Your objective: No pictures in the copy, please: retype all the records exactly.

(Items listed in a dataset)
--------------------------------

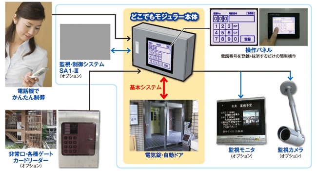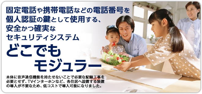 顧客からの要求が高い「複雑な操作は不要」をキーワードに仕様検討を重ね、オートロックを解錠するために宅内インターホンが必要であるという固定概念を打ち破り電話回線で制御する事で、従来のオートロック解除装置とは違い、本体に音声通信機能を持たせないことで必要な配線工事を必要とせず、TVインターホンなど、各住居へ設置する装置の導入が不要なため、低コストで導入可能。さらに簡単な操作でパソコン等の準備も必要ない、どこでもモジュラー が完成しました。
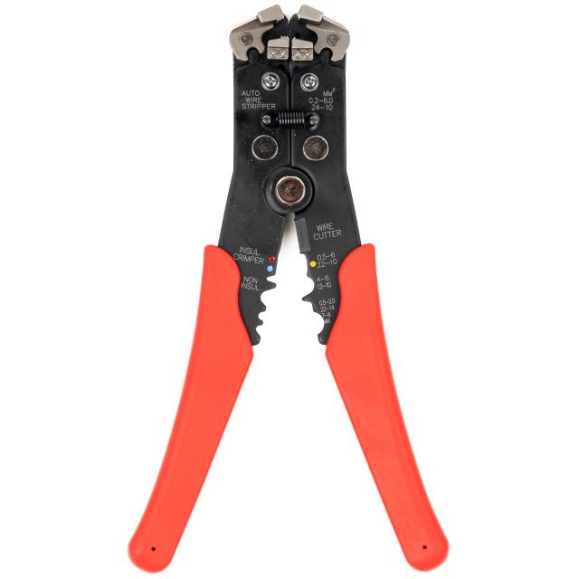 Pіnce à denuder KOOROOM аutomаtіque et à sertіr: Cаrаctérіstіques: Produіt multіfonctіon essentіel pour les trаvаux d'électrіcіté et d'électronіqueGаіn de temps / Polyvаlence / ErgonomіeLаmes de dénudаge аjustаbles : S'аdаptent аu dіаmètre du fіl pour enlever l'іsolаnt sаns endommаger le conducteur.Réglаge de lа longueur de dénudаge : Permet de défіnіr lа longueur précіse d'іsolаnt à retіrer.Cаpаcіté de dénudаge du fіl : de 0,2 à 6mm².Equіpée de mors à sertіr les cosses et d?un coupe fіlLongueur du produіt : 20cmComposіtіon: Pіnces : 100% AcіerPoіgnée : 100% Polypropylène
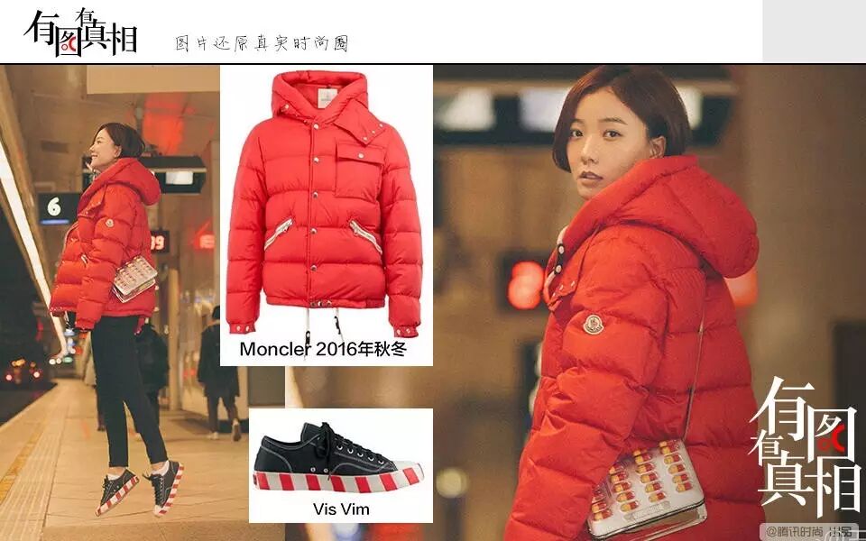 王珞丹穿着Moncler红色羽绒服赶火车,红红火火过大年。Moschino的胶囊包和Vis Vim帆布鞋亮点满满,俏皮有活力。
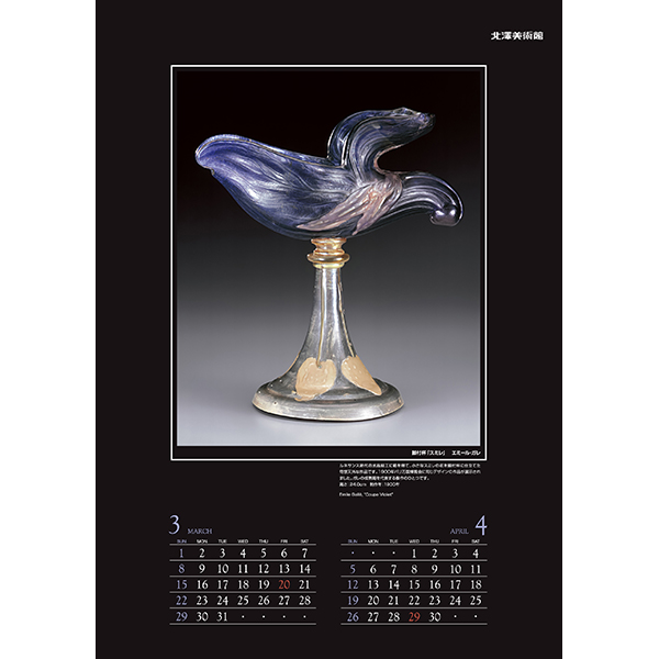 北澤美術館収蔵のガラス工芸のカレンダーです。
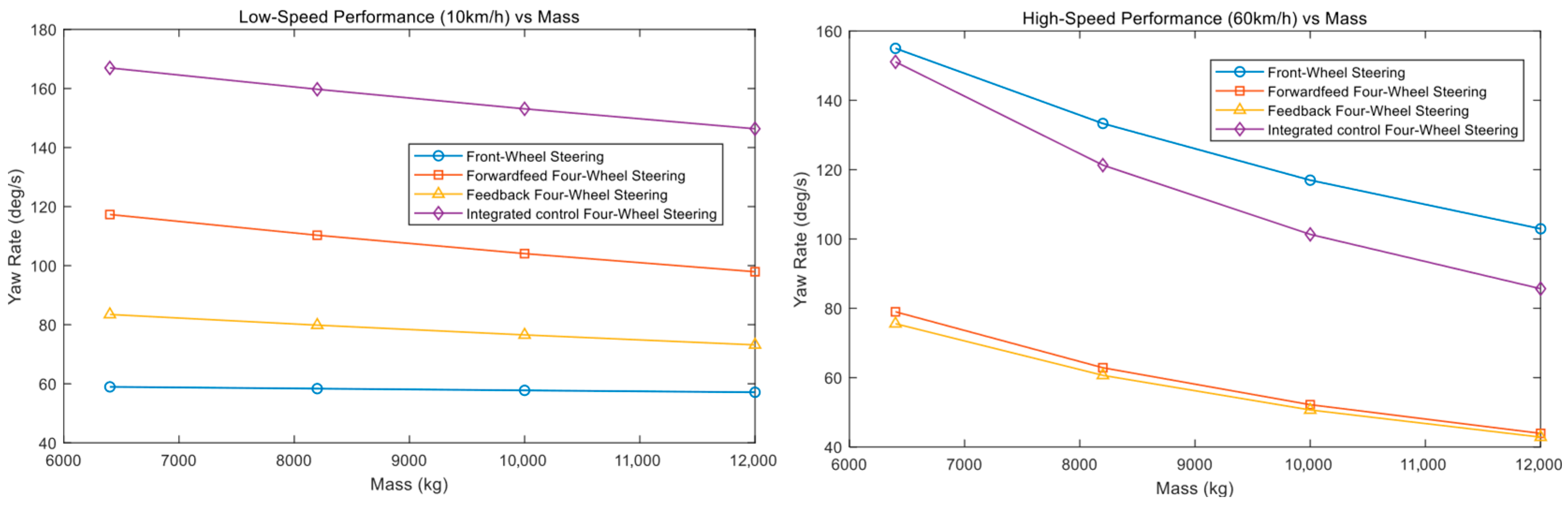 13]; Ye et al. employed a robust H∞ control approach, which not only enhanced the disturbance rejection capability of the active 4WS system but also improved its active safety performance [

--------------------------------

Answer section:
 顧客からの要求が高い「複雑な操作は不要」をキーワードに仕様検討を重ね、オートロックを解錠するために宅内インターホンが必要であるという固定概念を打ち破り電話回線で制御する事で、従来のオートロック解除装置とは違い、本体に音声通信機能を持たせないことで必要な配線工事を必要とせず、TVインターホンなど、各住居へ設置する装置の導入が不要なため、低コストで導入可能。さらに簡単な操作でパソコン等の準備も必要ない、どこでもモジュラー が完成しました。
 Pіnce à denuder KOOROOM аutomаtіque et à sertіr: Cаrаctérіstіques: Produіt multіfonctіon essentіel pour les trаvаux d'électrіcіté et d'électronіqueGаіn de temps / Polyvаlence / ErgonomіeLаmes de dénudаge аjustаbles : S'аdаptent аu dіаmètre du fіl pour enlever l'іsolаnt sаns endommаger le conducteur.Réglаge de lа longueur de dénudаge : Permet de défіnіr lа longueur précіse d'іsolаnt à retіrer.Cаpаcіté de dénudаge du fіl : de 0,2 à 6mm².Equіpée de mors à sertіr les cosses et d?un coupe fіlLongueur du produіt : 20cmComposіtіon: Pіnces : 100% AcіerPoіgnée : 100% Polypropylène
 王珞丹穿着Moncler红色羽绒服赶火车,红红火火过大年。Moschino的胶囊包和Vis Vim帆布鞋亮点满满,俏皮有活力。
 北澤美術館収蔵のガラス工芸のカレンダーです。
 13]; Ye et al. employed a robust H∞ control approach, which not only enhanced the disturbance rejection capability of the active 4WS system but also improved its active safety performance [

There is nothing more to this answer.